━━ RAW DATA
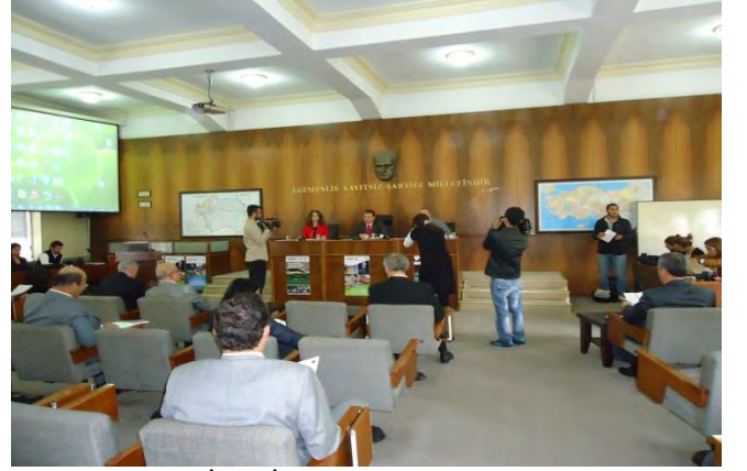
ESKİŞEHİR AB UDYK 2.TOPLANTISI
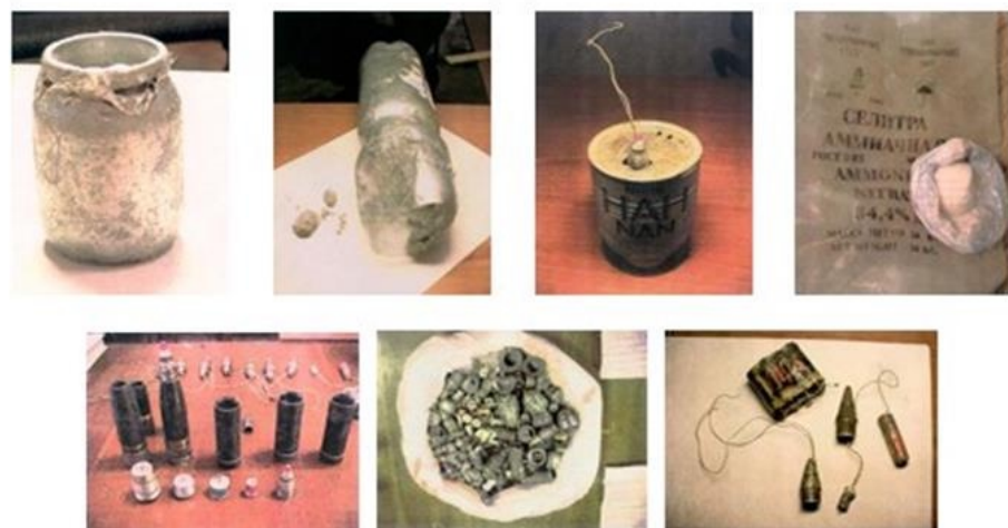
Фотографии взрывных устройств и их компонентов, изготовленных из штатных боеприпасов, аммиачной селитры и алюминиевой пудры, изъятых в процессе оперативно-розыскных мероприятий оперработниками ФСБ России

ПОМНИТЕ: внешний вид предмета может скрывать его настоящее назначение. В качестве камуфляжа для взрывных устройств используются обычные бытовые предметы: сумки, пакеты, свертки, коробки, игрушки и т.п.
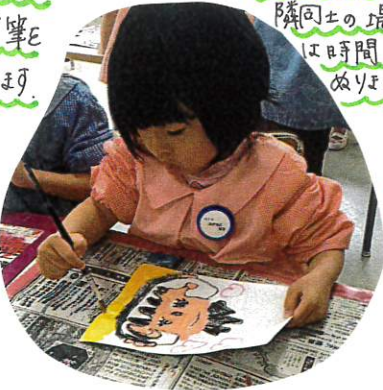
(こぼさないよう) 隣同士の場合 は時間差で ぬります。
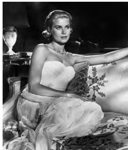
4) Grace Kelly. Filmstill aus To Catch a Thief , 1955. (Seite 61)
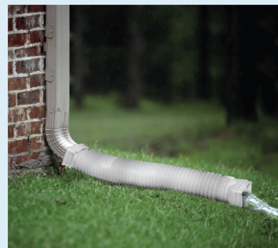
Branchement à 1,5 mètre du bâtiment
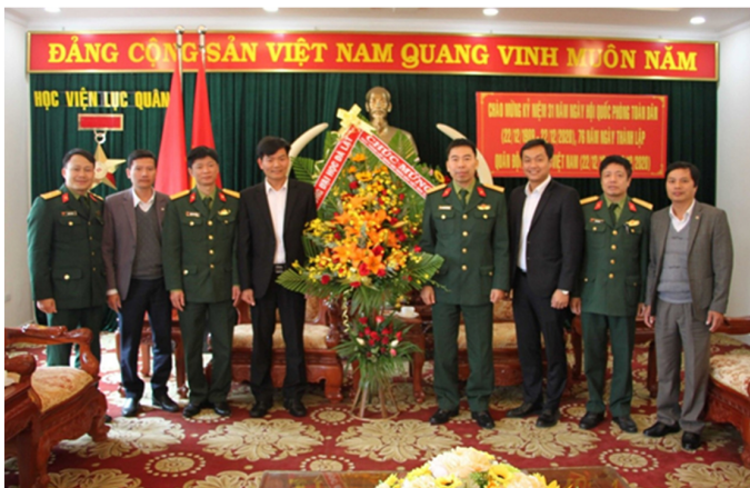
Đoàn công tác Trường Đại học Đà Lạt thăm và chúc mừng Học viện Lục quân Đà Lạt
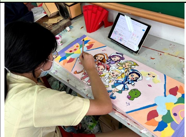
112/5/16 學生堵頭彩繪接近完成
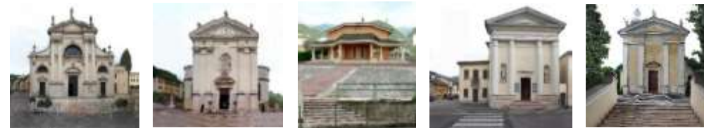
S. Maria Assunta Marostica S. Antonio Abate Marostica Santo Nome di Maria - Marsan S. Giovanni Battista Vallonara S. Lorenzo Pianezze
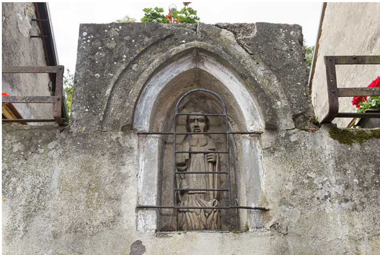
Statue représentant Saint-Antoine.
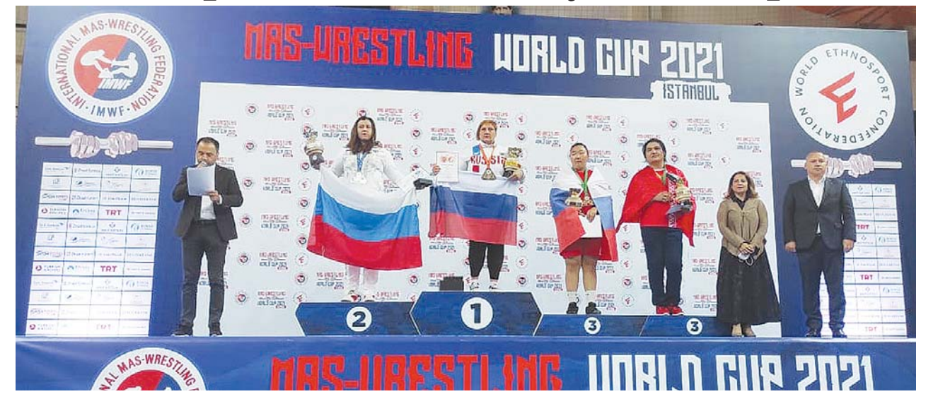
Материалы рубрики подготовил Альберт ДЫШЕКОВ

В минувшие выходные в турецком Стамбуле в рамках Всемирной конфедерации этноспорта @ethnospor прошёл второй этап Кубка мира по мас-рестлингу, в котором участвовали около 200 спортсменов из 11 стран.
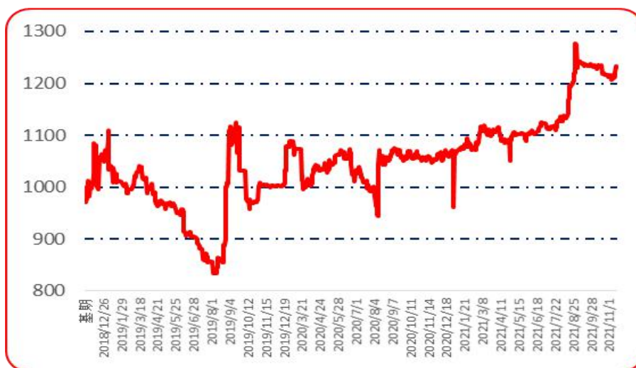
图 6 锥形椒批发价格指数运行图
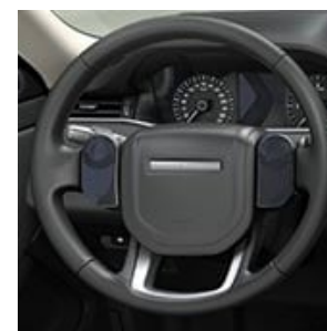
COLUMNA DE DIRECCIÓN
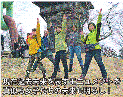
現在過去未来を表すモニュメントを真似る女子たちの未来も明るし！
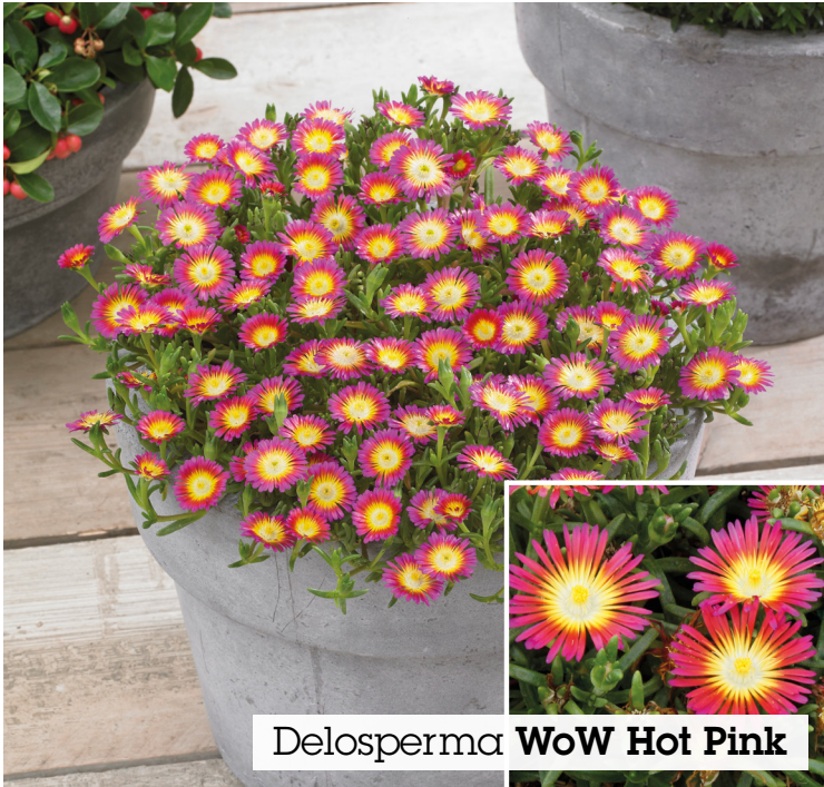
Delosperma WoW Hot Pink
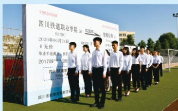
七十年来学校培养了十万余名毕业生
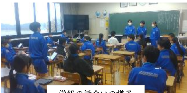
学級の話合いの様子
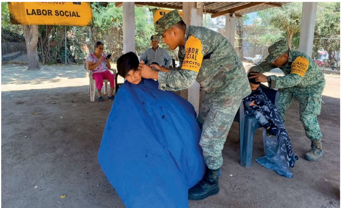
La extrema confianza del Presidente en las fuerzas armadas se evidencia en las tareas civiles que ahora desempeñan, adicionales a la de seguridad nacional.

➤ Esta iniciativa, así como las labores que las fuerzas armadas realizan hoy en otros ámbitos del orden civil, contravienen el Artículo 129° de la Constitución General de los Estados Unidos Mexicanos, que claramente establece: “en tiempo de paz, ninguna autoridad militar puede ejercer más funciones que las que tengan exacta conexión con la disciplina militar”.
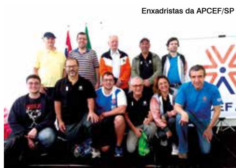
Enxadristas da APCEF/SP
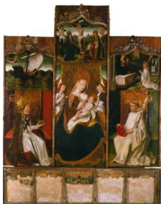
Retable de la Verge de Canapost, s.XV.

Amb el títol de Pintors i retaules dels segles XIV i XV a l'Empordà s'acaba de publicar un nou treball de Miquel Pujol i Canelles. El llibre ha estat editat per l'Institut d'Estudis Empordanesos i és el número 9 de la col·lecció de Monografies empordaneses. El treball de mossèn Pujol en aquesta ocasió se centra en el vessant pictòric de l'art gòtic empordanès, camp en el qual l'autor havia fet ja algunes aportacions importants, donades a conèixer en diversos articles .
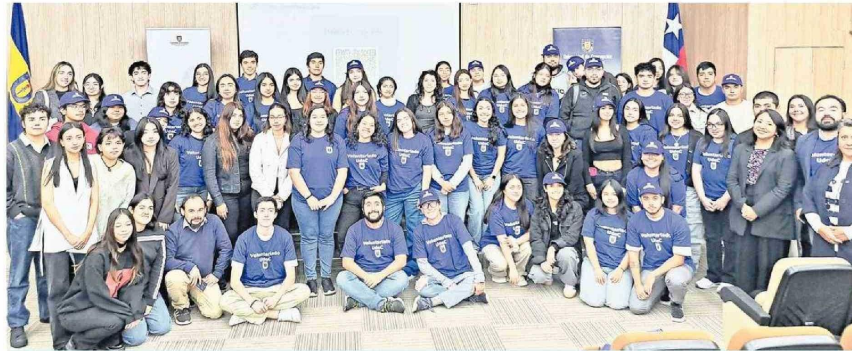
Voluntariado UdeC es una iniciativa que se articula a través de dos asignaturas complementarias que buscan potenciar las diversas habilidades y capacidades de la comunidad estudiantil de los tres campus.

A nivel interno, diversas son las iniciativas que se impulsan desde la VRIM, las que dan cuenta de la transversalidad del trabajo de VCM y su activa vinculación con el medio cultural, social-comunitario, público-político y productivo. El programa Prácticas con Impacto a través del cual se invita a estudiantes de diversas facultades y carreras a realizar su práctica profesional y contribuir al desarrollo de las comunidades en el BíoBío, Nuble y Araucanía, mediante asesorías de intervención comunitaria integral, así como el Voluntariado UdeC, iniciativa que, desde la VRIM, se articula a través de dos asignaturas complementarias que buscan potenciar las diversas habilidades y capacidades de la comunidad estudiantil de los tres campus, para proporcionar una formación integral y consen-
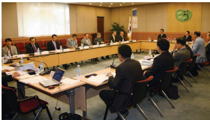
연구과제 심의·발굴을 위한 확대기조위를 10월 22일 연구원에서 개최했다.

연구원은 2010년도 연구과제 심의·발굴을 위해 10월 13일 잠실롯데호텔에서 농촌연구자문단회의를 개최했다. 또한 10월 22일 연구원 대회의실에서 확대기획조정위원회를 열었다.
━━━━
● WORK INSTRUCTION
Give the entries back verbatim and omit the images.

● RESULT FOR THIS TASK
ESKİŞEHİR AB UDYK 2.TOPLANTISI
Фотографии взрывных устройств и их компонентов, изготовленных из штатных боеприпасов, аммиачной селитры и алюминиевой пудры, изъятых в процессе оперативно-розыскных мероприятий оперработниками ФСБ России

ПОМНИТЕ: внешний вид предмета может скрывать его настоящее назначение. В качестве камуфляжа для взрывных устройств используются обычные бытовые предметы: сумки, пакеты, свертки, коробки, игрушки и т.п.
(こぼさないよう) 隣同士の場合 は時間差で ぬります。
4) Grace Kelly. Filmstill aus To Catch a Thief , 1955. (Seite 61)
Branchement à 1,5 mètre du bâtiment
Đoàn công tác Trường Đại học Đà Lạt thăm và chúc mừng Học viện Lục quân Đà Lạt
112/5/16 學生堵頭彩繪接近完成
S. Maria Assunta Marostica S. Antonio Abate Marostica Santo Nome di Maria - Marsan S. Giovanni Battista Vallonara S. Lorenzo Pianezze
Statue représentant Saint-Antoine.
Материалы рубрики подготовил Альберт ДЫШЕКОВ

В минувшие выходные в турецком Стамбуле в рамках Всемирной конфедерации этноспорта @ethnospor прошёл второй этап Кубка мира по мас-рестлингу, в котором участвовали около 200 спортсменов из 11 стран.
图 6 锥形椒批发价格指数运行图
COLUMNA DE DIRECCIÓN
現在過去未来を表すモニュメントを真似る女子たちの未来も明るし！
Delosperma WoW Hot Pink
七十年来学校培养了十万余名毕业生
学級の話合いの様子
La extrema confianza del Presidente en las fuerzas armadas se evidencia en las tareas civiles que ahora desempeñan, adicionales a la de seguridad nacional.

➤ Esta iniciativa, así como las labores que las fuerzas armadas realizan hoy en otros ámbitos del orden civil, contravienen el Artículo 129° de la Constitución General de los Estados Unidos Mexicanos, que claramente establece: “en tiempo de paz, ninguna autoridad militar puede ejercer más funciones que las que tengan exacta conexión con la disciplina militar”.
Enxadristas da APCEF/SP
Retable de la Verge de Canapost, s.XV.

Amb el títol de Pintors i retaules dels segles XIV i XV a l'Empordà s'acaba de publicar un nou treball de Miquel Pujol i Canelles. El llibre ha estat editat per l'Institut d'Estudis Empordanesos i és el número 9 de la col·lecció de Monografies empordaneses. El treball de mossèn Pujol en aquesta ocasió se centra en el vessant pictòric de l'art gòtic empordanès, camp en el qual l'autor havia fet ja algunes aportacions importants, donades a conèixer en diversos articles .
Voluntariado UdeC es una iniciativa que se articula a través de dos asignaturas complementarias que buscan potenciar las diversas habilidades y capacidades de la comunidad estudiantil de los tres campus.

A nivel interno, diversas son las iniciativas que se impulsan desde la VRIM, las que dan cuenta de la transversalidad del trabajo de VCM y su activa vinculación con el medio cultural, social-comunitario, público-político y productivo. El programa Prácticas con Impacto a través del cual se invita a estudiantes de diversas facultades y carreras a realizar su práctica profesional y contribuir al desarrollo de las comunidades en el BíoBío, Nuble y Araucanía, mediante asesorías de intervención comunitaria integral, así como el Voluntariado UdeC, iniciativa que, desde la VRIM, se articula a través de dos asignaturas complementarias que buscan potenciar las diversas habilidades y capacidades de la comunidad estudiantil de los tres campus, para proporcionar una formación integral y consen-
연구과제 심의·발굴을 위한 확대기조위를 10월 22일 연구원에서 개최했다.

연구원은 2010년도 연구과제 심의·발굴을 위해 10월 13일 잠실롯데호텔에서 농촌연구자문단회의를 개최했다. 또한 10월 22일 연구원 대회의실에서 확대기획조정위원회를 열었다.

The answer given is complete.